One thing I did find on the first iteration of what I built in pytorch (feed forward only) was that fundamentally building sigmoid, softmax, argmax etc type functions is very simple in pure rust. The problem honestly is when I started using things like one-hots or decision trees.

antimora commented 3 years ago

@hexgnu thanks for your answers. I am curious which library do you use for your WASM math functions, such as log? Do you use something like MicroMath crate that supports [no_std]?

BTW, you might want to check out Pytorch Glow project. They have facility to compile ONNX to static code. https://github.com/pytorch/glow/blob/master/docs/AOT.md

hexgnu commented 3 years ago

@antimora I used straight calculations in rust and relied on the wasm compiler to compile them to wasm, so nothing special really. I will check out the glow project looks great! I do think that with the right compiler a lot of these calculations can be compiled down into bytecode fairly simply it's just that it hasn't been a huge focus of the community.
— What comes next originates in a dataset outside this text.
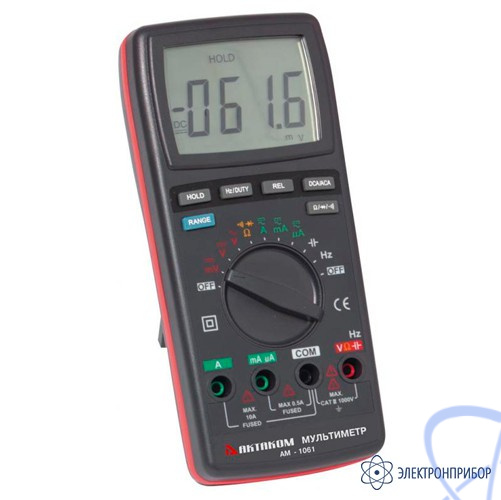 Цифровой мультиметр АМ-1061 выполнен в корпусе из ударопрочного полистирола. Высота цифр на ЖКИ у мультиметра АМ-1061 23 мм! Для быстрого измерения параметров переменного напряжения в нем предусмотрено измерение частоты и коэффициента заполнения импульсного сигнала. При измерение переменного напряжения и тока отображаются истинные среднеквадратичные значения (TrueRMS).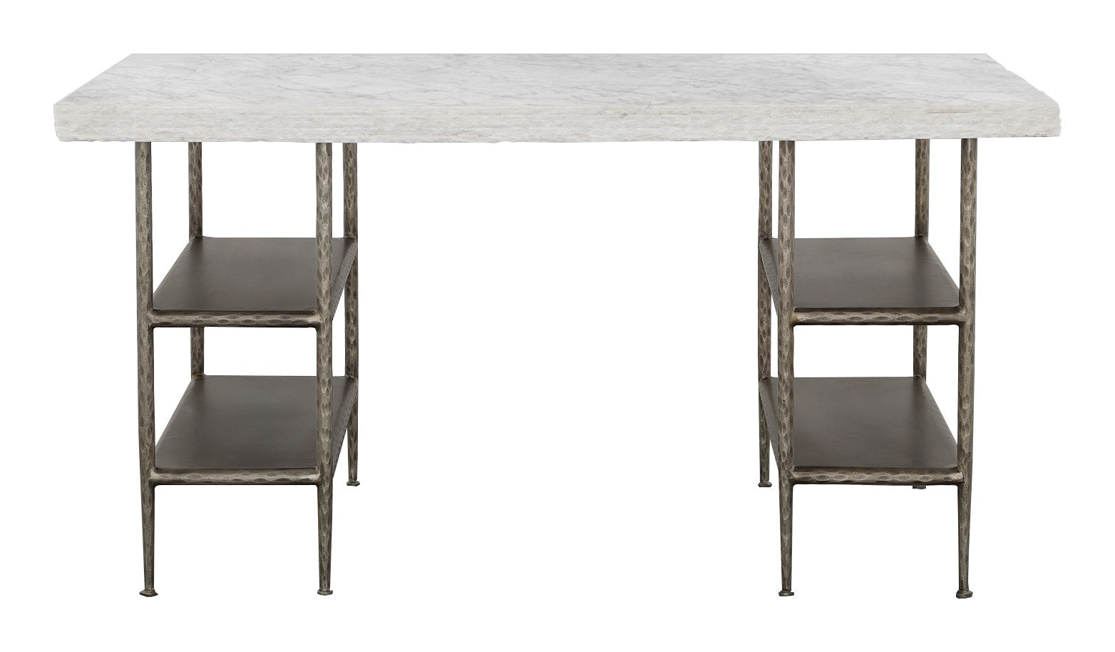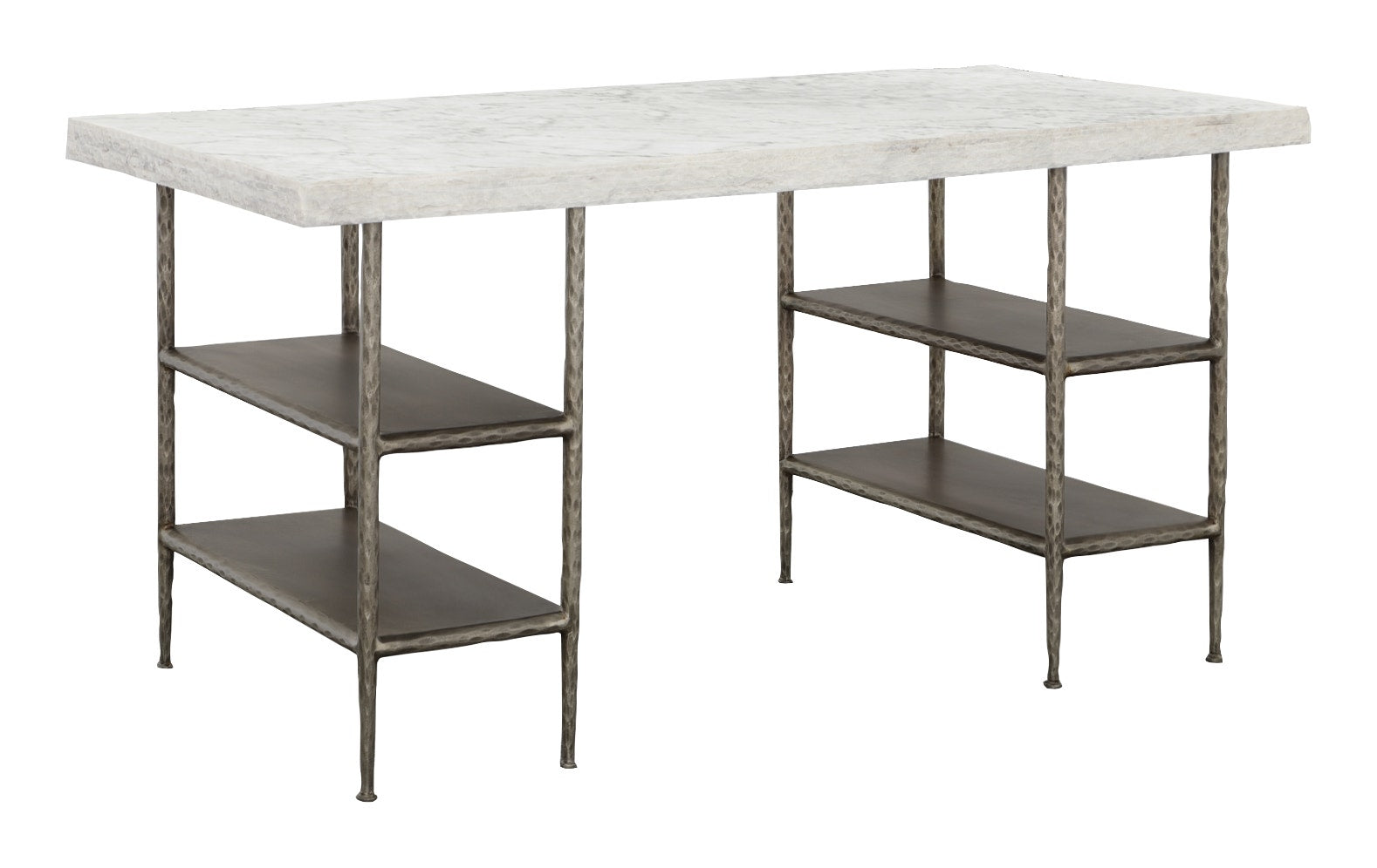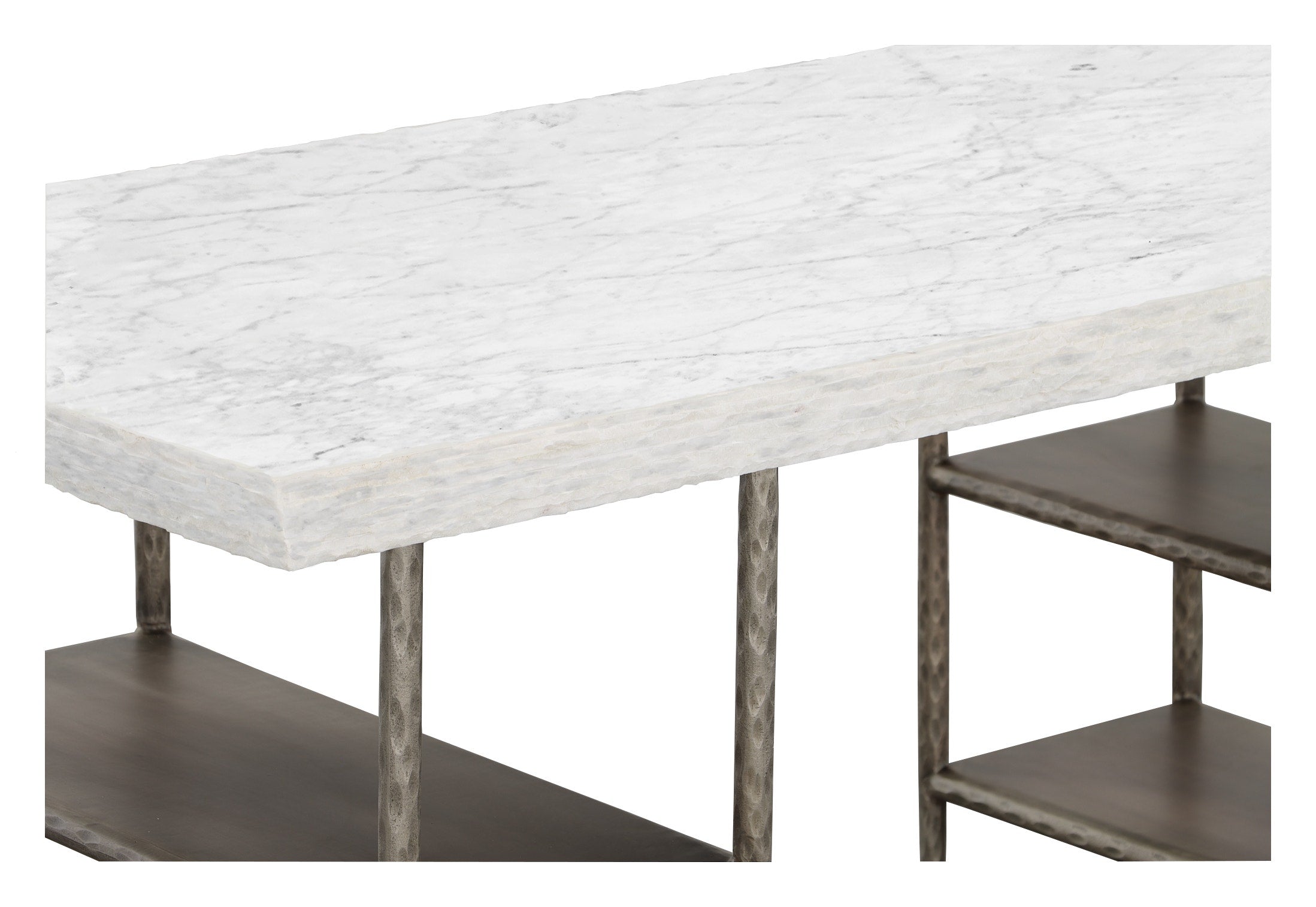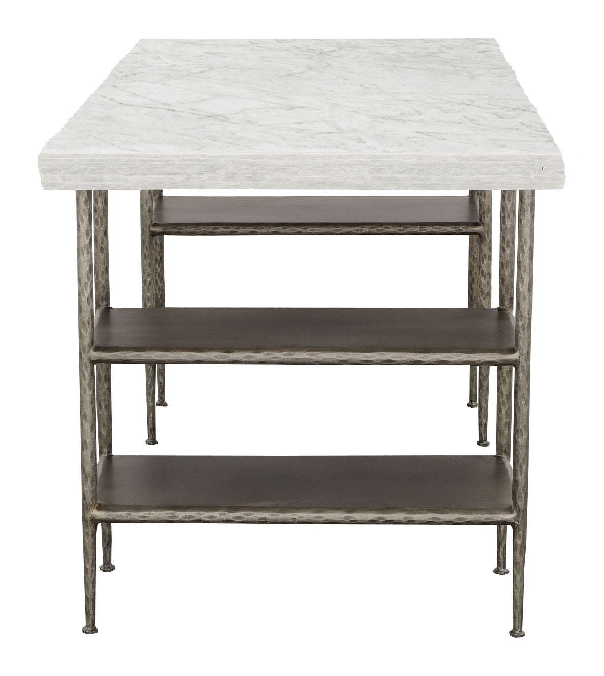 Palermo draws its origin from the extensive quarries in Italy. The hand hammered electroplated metal bases features a chiseled white marble with natural grey veining. This rough-hewn design is the standard for casual living.

kali commented 3 years ago

Going to close this.

benmkw commented 2 years ago

Could this issue be reopened?

Additionally to the mentioned portability and perf and size improvements I also think that the API could be strongly typed when a specific onnx file is specified which would make running the model more robust against user errors.

A possible data point for performance is NN512 https://jonatron.github.io/test_nn512/ which seems promising.

tract is basically an optimizing interpreter. Operators are the interpreter primitives.

I was wondering what is the reason for this setup/ why is this preferable?